_Material for the task_
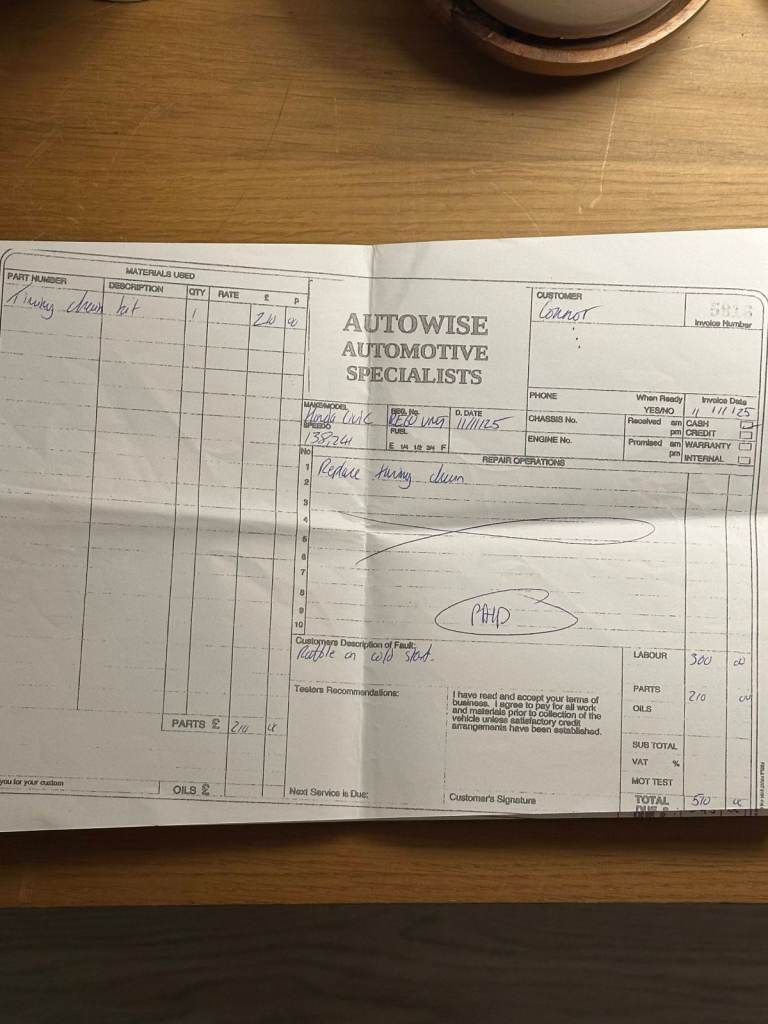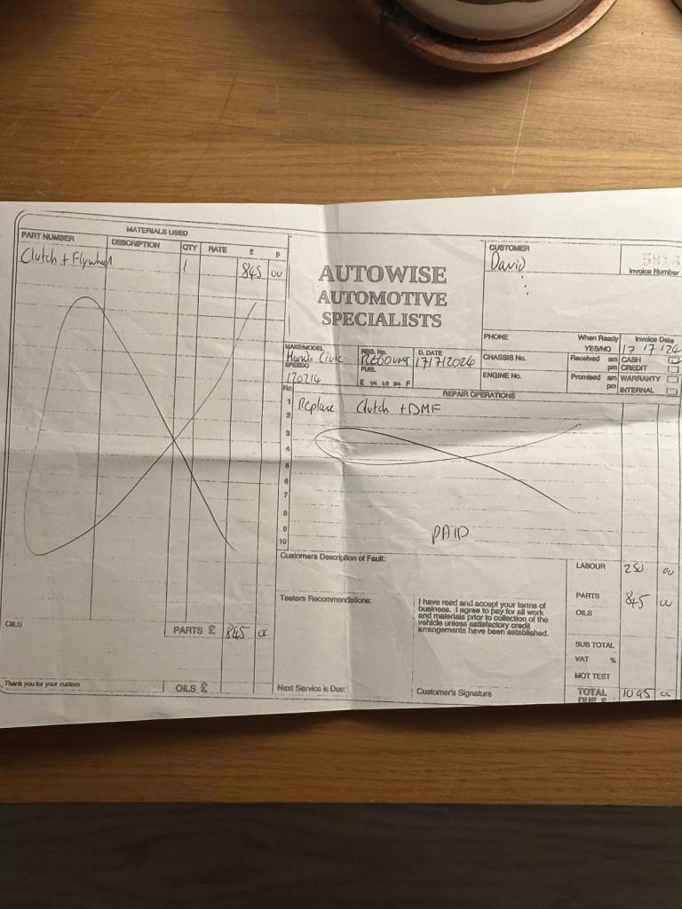 * Clutch + dual mass flywheel replaced (July 2024) – £1095
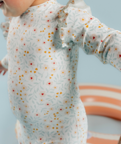 La combinaison protection UV imprimée foral protège votre enfant des rayons UVA et UVB. Votre enfant est prêt à partir en quête d’aventures aquatiques !
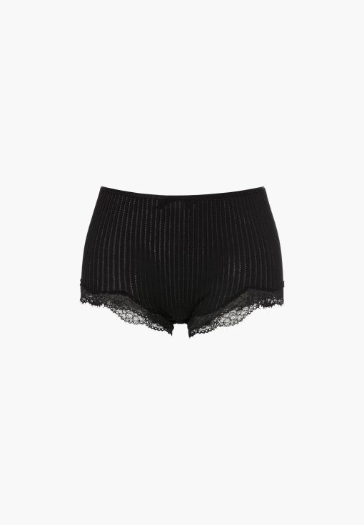Small masterpieces are hidden in the airy ajouré ribs. Intricate patterns run through the pure cotton of these hipsters with a low-cut leg, which are topped with delicate lace from Calais. So much luxury is only possible with passionate Swiss craftsmanship.
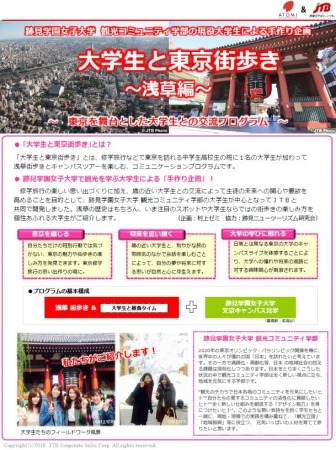 跡見学園女子大学(文京キャンパス:東京都文京区大塚1-5-2/新座キャンパス:埼玉県新座市中野 1-9-6)と株式会社JTBコーポレートセールス(本社:東京千代田区、代表取締役社長:皆見薫、以下JTBコーポレートセールス)は、同大学の学生が企画した東京を訪れた修学旅行生を案内する旅行商品『大学生と東京街歩き~浅草編~』を10月3日(月)より、JTBグループの教育旅行取り扱い支店にて各種教育機関を対象とし販売開始します。
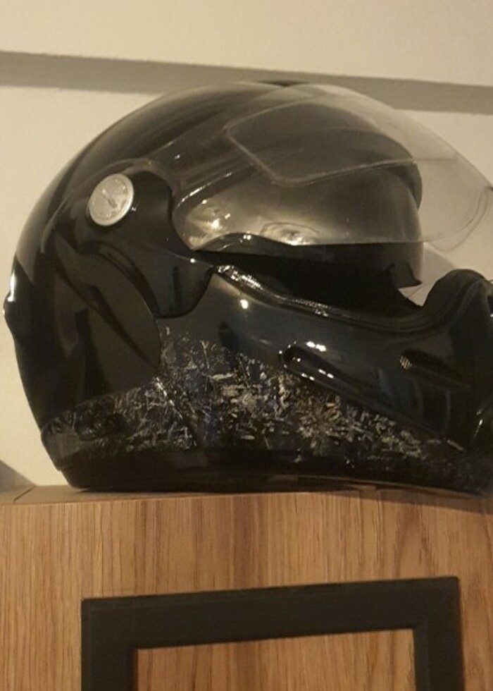 Parlak siyah renk motor kaskı İçindeki pedleri çok az yıprandı ama iyi durumda kırığı yok
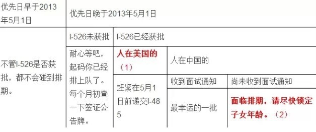 1. 人在美国的这种情况,赶紧在2015年5月1日前递交I-485申请,虽然不能避免排期,但是可以在递交后,以合法身份在美国居留并且进出,也基本相当于拿到绿卡了。不过,在这么短的时间内,能在美国递交I-485申请,除了主申请人是学生,持F1非移民签证在美国递交I-485申请之外,别的都不是太过实际。除非,普通投资者正好一家都持B1/B2签证,并且在美国已经停留了1-2个月以上,才有一定的操作可能性。
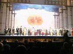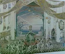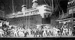 In 1943, the Ballet Russe de Monte-Carlo staged a one-act version of the ballet in the Public Music Hall in Cleveland, Ohio.[1] Premiering on October 9, 1943, the production was staged by Igor Schwezoff, with decor by Boris Aronson. Since World War II was being fought at the time, with the Soviets and Americans allied, the villain Li-Chan-Fou was changed to a Japanese bar owner. The group of Soviet sailors now included British and Americans as well.[2]
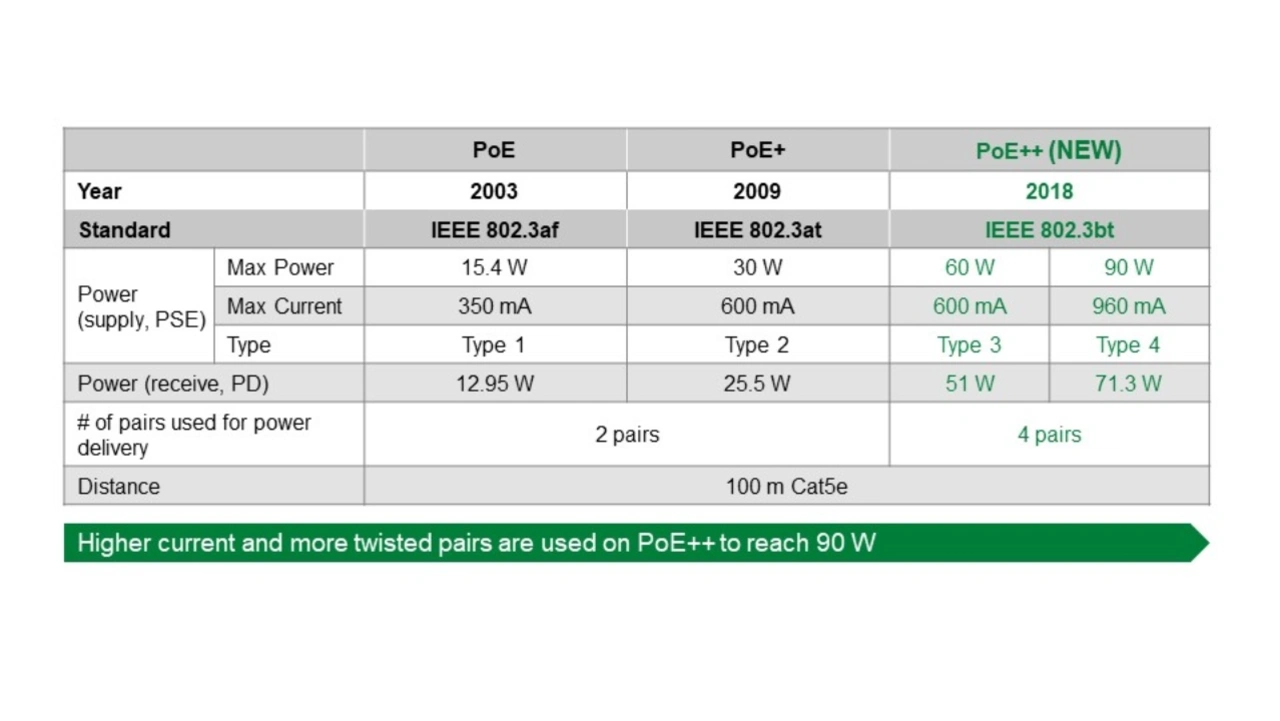 PoE ist eine Übertragungstechnologie, die Strom zusammen mit Daten über Ethernet-Kabel leitet. Ein einziges Kabel versorgt Geräte wie VOIP (Voice over Internet Protocol)-Telefone, Sicherheitskameras mit Internetprotokoll, Wireless Access Points, Netzwerkrouter in Rechenzentren und industrielle Steuersysteme mit Strom und Daten. Der IEEE-Standard für PoE ist 802.3 und wurde seit 2003 weiterentwickelt, um eine höhere Leistung zu ermöglichen. Tabelle 1 zeigt die ursprüngliche Version und die nachfolgenden Überarbeitungen des IEEE-Standards 802.3. Die Weiterentwicklung des Standards von 2018, 802.3bt, allgemein als PoE++ bezeichnet, erlaubt eine maximale Leistung von 90 W und eine Stromstärke von bis zu 960 mA auf den Datenleitungen. Darüber hinaus ermöglicht dieser Standard Ethernet-Übertragungsraten von bis zu 10 Gbit/s (10GBASE-T). Integriert man Strom mit digitalen Niederspannungssignalen, muss man jedoch PoE-Schaltungen vor Stromüberlastungen und Spannungstransienten wie Blitzschlag, ESD und anderen schnellen Transienten, die sich auf einer Wechselstromleitung ausbreiten, schützen.

_Your task_
Please output, exactly as written, the lines above from the one holding "跡見学園女子大学(文京キャン" through the one holding "Parlak siyah renk", both included, with the pictures omitted.

_Answer to the problem_
 跡見学園女子大学(文京キャンパス:東京都文京区大塚1-5-2/新座キャンパス:埼玉県新座市中野 1-9-6)と株式会社JTBコーポレートセールス(本社:東京千代田区、代表取締役社長:皆見薫、以下JTBコーポレートセールス)は、同大学の学生が企画した東京を訪れた修学旅行生を案内する旅行商品『大学生と東京街歩き~浅草編~』を10月3日(月)より、JTBグループの教育旅行取り扱い支店にて各種教育機関を対象とし販売開始します。
 Parlak siyah renk motor kaskı İçindeki pedleri çok az yıprandı ama iyi durumda kırığı yok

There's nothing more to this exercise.